-- DATA SECTION --
========
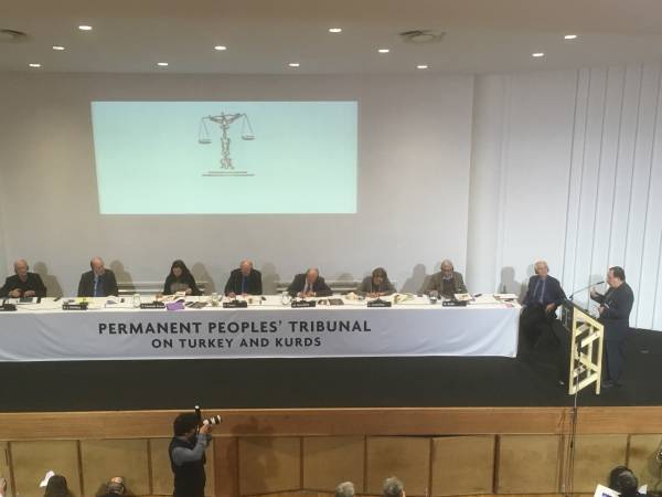 Gestern hat in Paris unter dem Vorsitz von sieben Richter*innen aus verschiedenen Ländern ein internationales Tribunal begonnen. Am ersten Tag der vom permanenten Volkstribunal initiierten Verhandlung wurden Sachverständige und Zeug*innen zu den Kriegsverbrechen des türkischen Staates und den Verbrechen gegen die Menschlichkeit gegen das kurdische Volk angehört. Der Schwerpunkt lag dabei auf den Massakern an der Zivilbevölkerung, die von staatlichen Kräften während des Selbstverwaltungs-Widerstandes in Cizîre, Şirnex, Nisebîn und Sûr begangen worden sind.
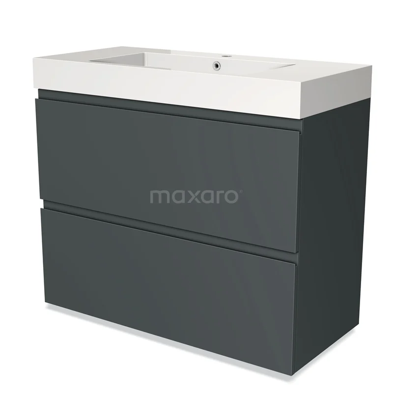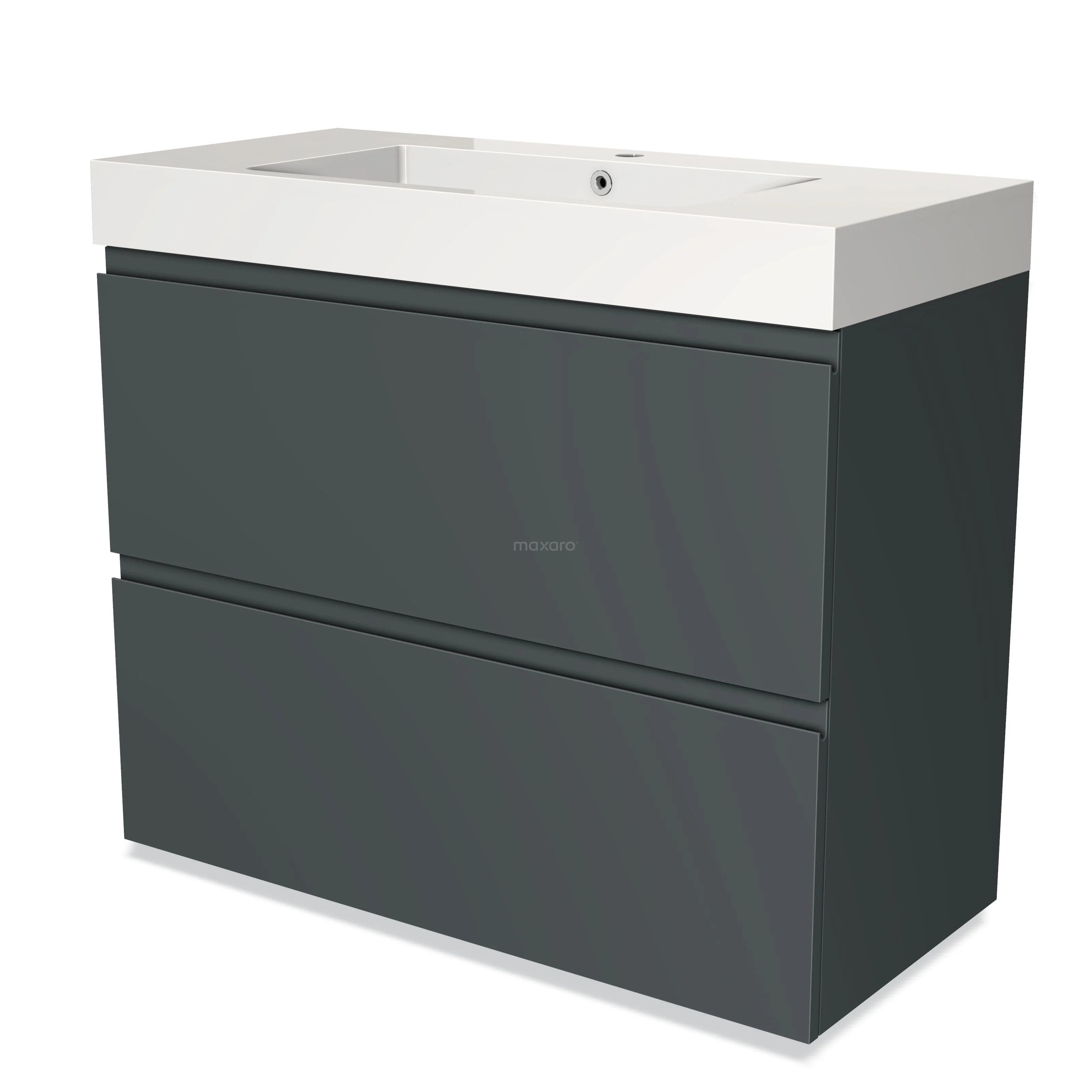 Modulo Vanity units with basin | 100 cm Dark grey Handle-less front Mineral marble 2 stacked drawers under each other
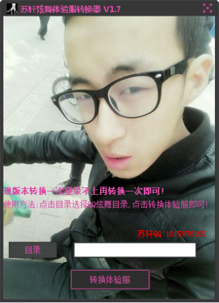 苏轩炫舞体验服转换器可以将qq炫舞普通服客户端转换成体验服,现版本转换一次登录不上再转换一次即可,使用时点击目录选择qq炫舞目录,点击转换体验服即完成。
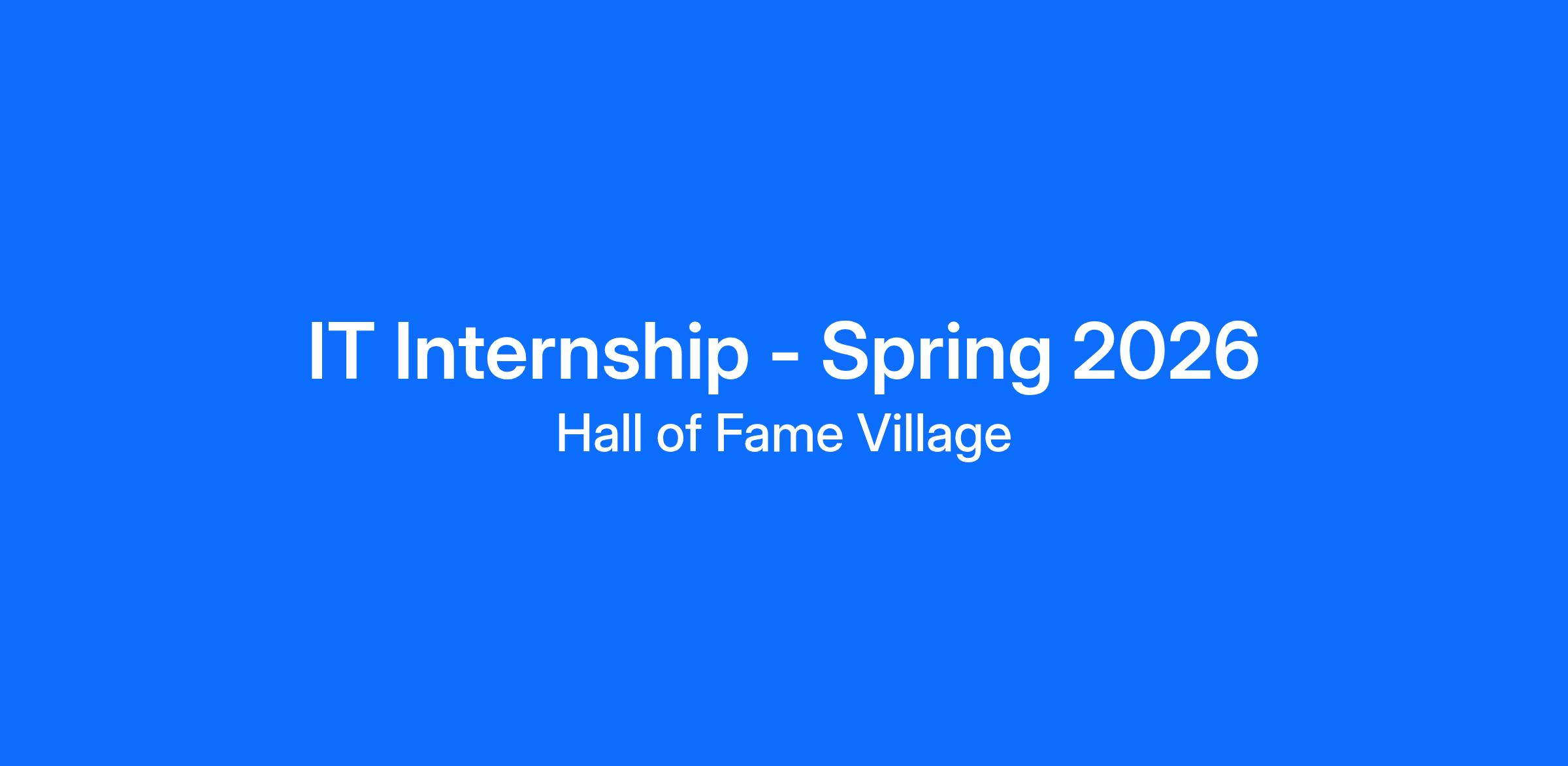The Information Technology Intern will work alongside our IT team at the Hall of Fame Village.
========
-- WHAT THIS TASK INVOLVES --
Leaving the pictures aside, repeat the data above exactly.

-- REPLY --
 Gestern hat in Paris unter dem Vorsitz von sieben Richter*innen aus verschiedenen Ländern ein internationales Tribunal begonnen. Am ersten Tag der vom permanenten Volkstribunal initiierten Verhandlung wurden Sachverständige und Zeug*innen zu den Kriegsverbrechen des türkischen Staates und den Verbrechen gegen die Menschlichkeit gegen das kurdische Volk angehört. Der Schwerpunkt lag dabei auf den Massakern an der Zivilbevölkerung, die von staatlichen Kräften während des Selbstverwaltungs-Widerstandes in Cizîre, Şirnex, Nisebîn und Sûr begangen worden sind.
 Modulo Vanity units with basin | 100 cm Dark grey Handle-less front Mineral marble 2 stacked drawers under each other
 苏轩炫舞体验服转换器可以将qq炫舞普通服客户端转换成体验服,现版本转换一次登录不上再转换一次即可,使用时点击目录选择qq炫舞目录,点击转换体验服即完成。
The Information Technology Intern will work alongside our IT team at the Hall of Fame Village.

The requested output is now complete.